Do you guys have any tricks on putting together Y and 1/8 bend. With 1 person on the job.


----------



## RealCraftsMan (Dec 27, 2011)

IN ground?


----------



## rusak (Sep 20, 2008)

RealCraftsMan said:


> IN ground?


Prefab combo above ground.


----------



## MarkToo (Dec 17, 2011)

rusak said:


> Do you guys have any tricks on putting together Y and 1/8 bend. With 1 person on the job.


On/In ground, I've had good luck using the blade of a spade shovel (back side) stuck in the ground and levered against the fitting to push them on.

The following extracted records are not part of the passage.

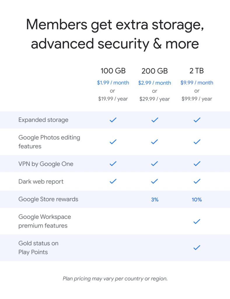 Previously, the Google One VPN required the $9.99 per month 2TB plan (or higher) plan. All Google One plans, including the $1.99/month 100GB and $2.99/month 200GB, will soon be able to use it (“starting today, and rolling out over the next few weeks”).
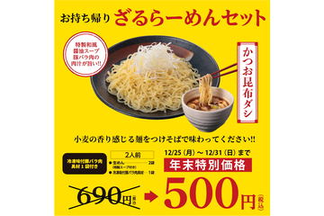 幸楽苑、懐かしい味わいの「ざるらーめん」発売。持ち帰り「ざるらーめん」も特別価格に
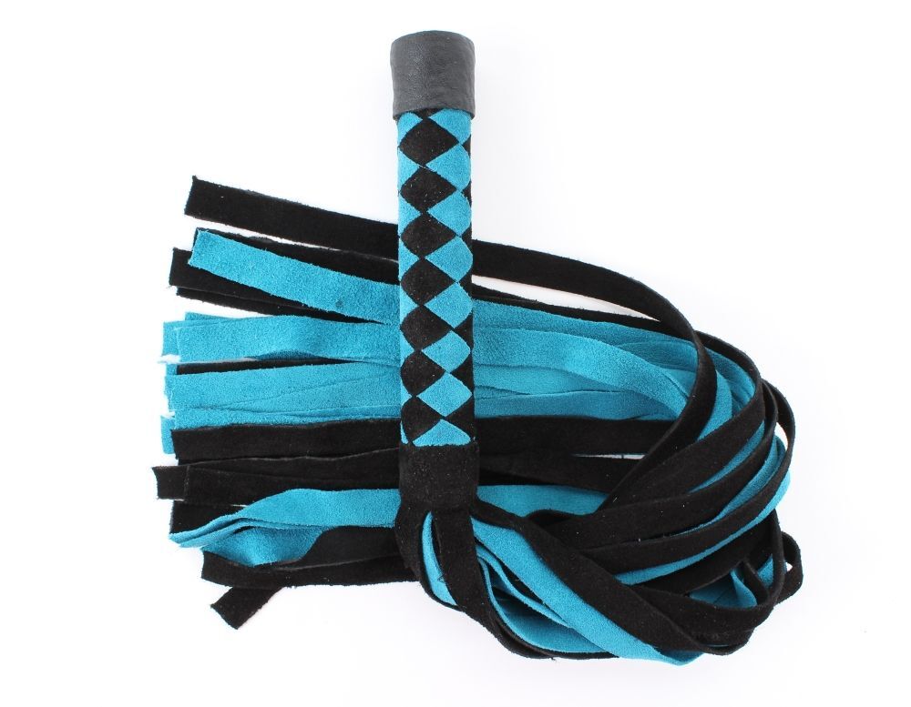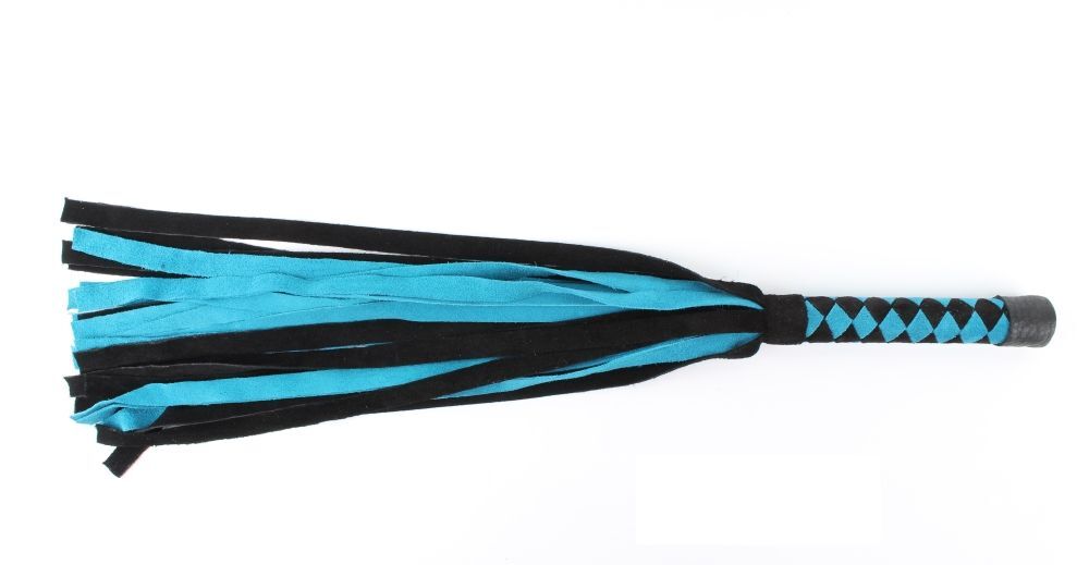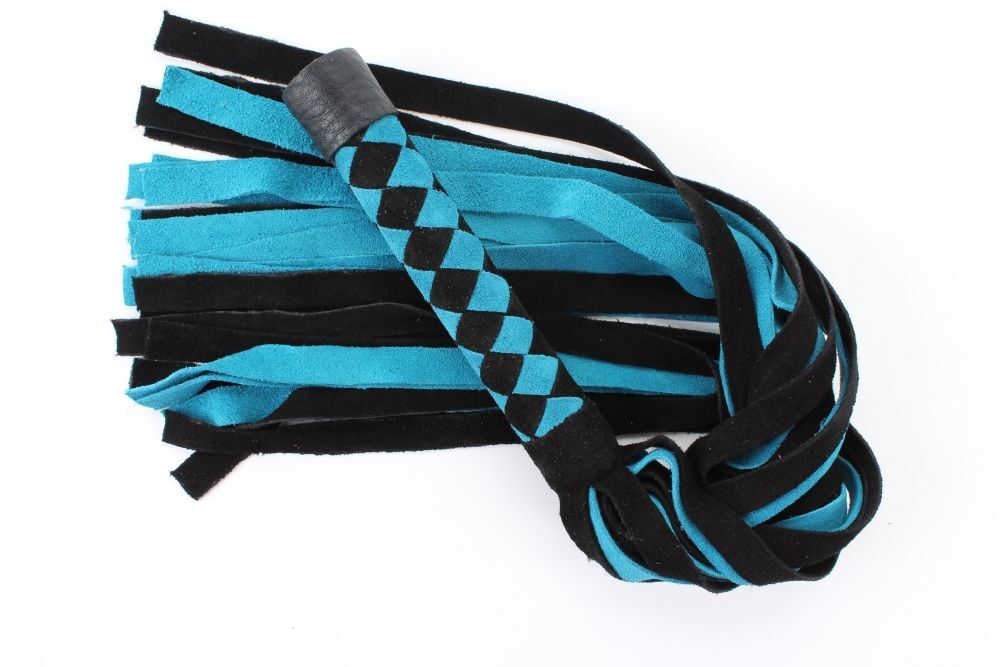 Плеть выполнена из натуральной замши черного и бирюзового цветов. Рукоятка украшена шахматным плетением. Длинные широкие хвосты делают аксессуар эффектным. Количество хвостов - 24 штуки. Возбуждающая воображение плеть поможет воплотить задуманное в реальность. Длина хвостов - 40 см. Длина рукояти - 16 см.
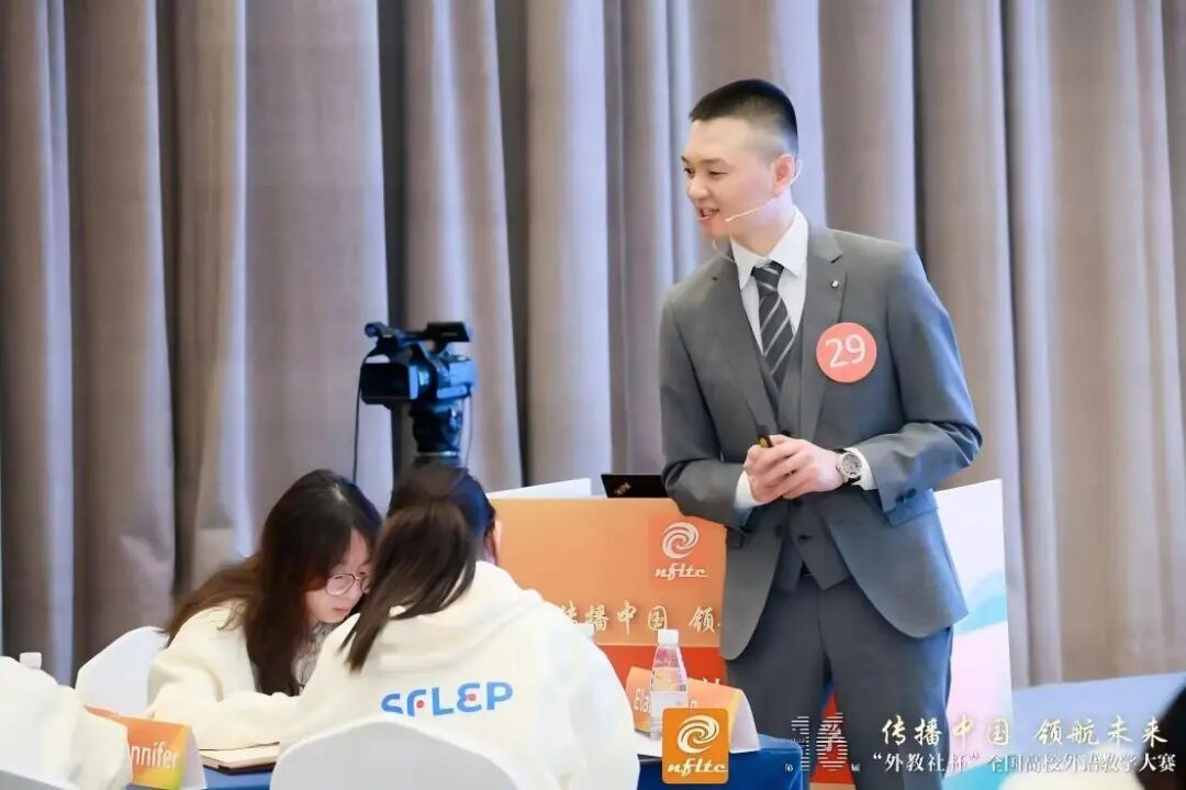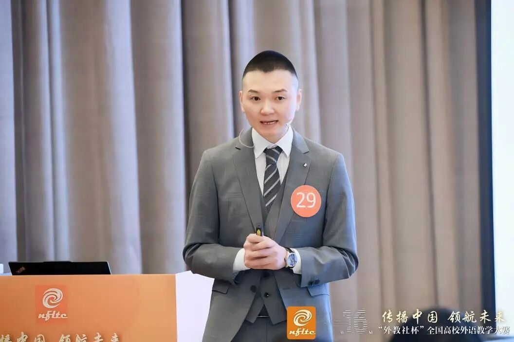 本届大赛包含决赛和全国总决赛两个环节的比赛。全国决赛中,樊明亮教师凭借扎实的学术功底、深厚的知识积淀开阔的国际视野、精湛的教学技艺与娴熟的现代教育技术应用能力,呈现了一堂堂兼具创新性与实效性的精彩示范课,充分彰显了新时代高校外语教师的专业素养与育人担当。经专家评委团严格评审,樊明亮老师以全场90.19的总分成功晋级全国总决赛。决赛环节中,综合课组和视听说课组选手围绕指定授课文本,在20分钟的授课展示环节中运用创新性教学设计、教学方法,以数智化手段赋能课堂,将语言教学与育人目标充分结合,展现了扎实的专业功底。樊明亮老师凭借出色的设计理念与清晰的授课思路得到了评委和观众的一致好评。
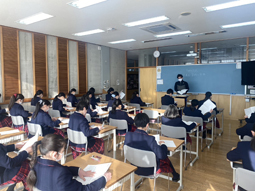 そんな中、3年生は中等部修了式まで1ヶ月を切り、高等部入学の準備も同時に進めています。今日は、「高等部進学へ向けた説明」を受けていたので、その様子を見に行かせてもらいました。全員が真剣なまなざしで説明を聞いており、高等部進学が待ち遠しい様子でした。中等部での残りの日々を頑張り、「いい終わり方」をして、高等部へ進学してくれることを願っています。
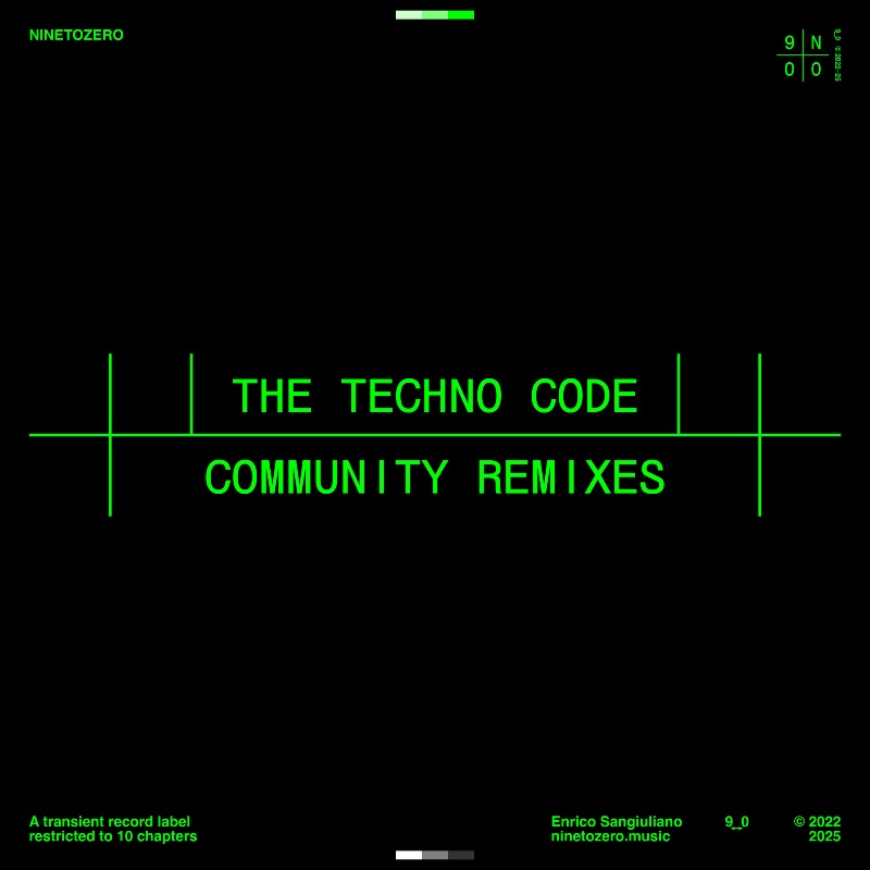 Enrico Sangiuliano lanzó una convocatoria para nuevos talentos con el fin de remezclar su pieza “The Techno Code”, un manifiesto sonoro que celebra la esencia del techno. De esa iniciativa surge The Techno Code (Community Remixes), un EP de cinco pistas publicado en su prestigioso sello NINETOZERO, que recoge las mejores reinterpretaciones enviadas por artistas emergentes de distintas partes del mundo.

Make sure you like what you see before committing as getting them back off in place is difficult.


----------



## bulldozer (Jan 11, 2009)

We use a block of wood and a small sledge hammer. Make sure the fitting is lubed up and give it a good solid wack. Make sure the end of the pipe is beveled.


----------



## plbgbiz (Aug 27, 2010)

http://www.plumbersurplus.com/Prod/Wheeler-Rex-4012-Pipe-Puller/9843/Cat/642

http://www.reedmfgco.com/index.html?screen=bevelers


----------



## OldSchool (Jan 30, 2010)

bulldozer said:


> We use a block of wood and a small sledge hammer. Make sure the fitting is lubed up and give it a good solid wack. Make sure the end of the pipe is beveled.


That is what we do to

Block of wood and a sledge hanmer

Sent from my portable office....yes I am at work


----------



## rusak (Sep 20, 2008)

plbgbiz said:


> http://www.plumbersurplus.com/Prod/Wheeler-Rex-4012-Pipe-Puller/9843/Cat/642
> 
> http://www.reedmfgco.com/index.html?screen=bevelers


I work on 6"+ Gasketed pipe very rarely. I can't justify buying the pipe puller. To bevel the pipe I will use my grinder.


----------



## bulldozer (Jan 11, 2009)

If you have a stubborn fitting put some dawn dish soap or pipe lube on the gaskets and wrap a small choker chain around the pipe. Use a spud bar and the fitting should slide on.


----------



## SewerRat (Feb 26, 2011)

You HAVE to use pipe joint lubricant in the joints. I find that a liberal amount on the gasket is helpful, but even more important is getting a good coating of lube right on the bevel of the spigot end, then a little few inches back on the spigot. You can't have any dry spots on the bevel or the gasket or it will just want to stick. Once it's lubed correctly you can insert the spigot into the bell just barely enough to keep it lined up, then get back and on good push will usually pop it in. Or you can use the block and hammer method but still you should use lube on the joints. Most suppliers give it away free with your purchase of gasketed pipe.


----------